In 1995, Barry Foster had become expendable due to his contract, the rise of Bam Morris, the signing of former 1,000-yard running back Erric Pegram, injuries, and (more long-term) the forthcoming trade for future Hall of Famer Jerome Bettis the following year. Pittsburgh traded Foster to the expansion Carolina Panthers, but he was cut in training camp when he failed a physical, after which he retired.

Later that season, Foster came out of retirement to sign with the Cincinnati Bengals after the injury to their first-round draft pick Ki-Jana Carter in the preseason. But two days after signing a $1 million contract, Foster changed his mind and left the Bengals. Foster, age 26, out of football since the Carolina Panthers released him before the 1995 season began, complained that he felt like "a 60-year-old running back" after his first workout in pads with the team. He later returned his reported $300,000 signing bonus to the Bengals, left town, and retired again a few days later without playing a game. He announced that he had saved his money and had enough to retire.

==Since Retirement==

After Foster retired from the NFL, he became the running backs coach at DeLay Middle School, and went on to be an Assistant Principal at Crosswinds Accelerated High School in Grand Prairie, Texas.

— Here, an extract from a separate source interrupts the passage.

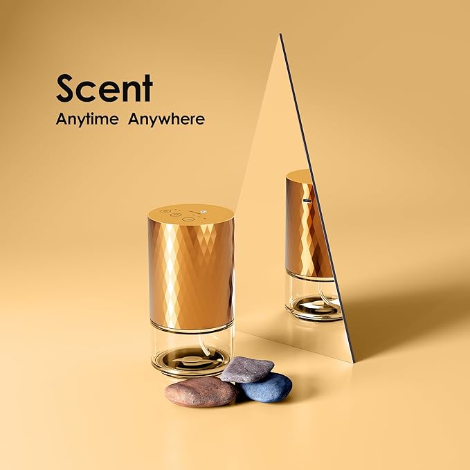 Airversa Waterless Diffuser Essential Oil 100ml Capacity Scent Air Machine for Home Aromatherapy Premium Metal Nebulizer Battery Operated 3 Mist Settings Timers Color Light AN5(Gold)

Currently, he is an assistant Principal at Hillwood Middle School in Fort Worth, TX.

==NFL career statistics==

| Year | Team | GP | Att | Yds | Avg | Lng | TD | Rec | Yds | Avg | Lng | TD |
|---|---|---|---|---|---|---|---|---|---|---|---|---|
| 1990 | PIT | 16 | 36 | 203 | 5.6 | 38 | 1 | 1 | 2 | 2.0 | 2 | 0 |
| 1991 | PIT | 10 | 96 | 488 | 5.1 | 56 | 1 | 9 | 117 | 13.0 | 31 | 1 |
| 1992 | PIT | 16 | 390 | 1,690 | 4.3 | 69 | 11 | 36 | 344 | 9.6 | 42 | 0 |
| 1993 | PIT | 9 | 177 | 711 | 4.0 | 38 | 8 | 27 | 217 | 8.0 | 21 | 1 |
| 1994 | PIT | 11 | 216 | 851 | 3.9 | 29 | 5 | 20 | 124 | 6.2 | 27 | 0 |
| Career |  | 62 | 915 | 3,943 | 4.3 | 69 | 26 | 93 | 804 | 8.6 | 42 | 2 |

==Family==
Foster has been married to Teray M. Foster since 1992. Together they have 3 children: Janea Foster, Barry Foster Jr., and Tamara M. Foster. Barry also has an older son named Shayne Foster.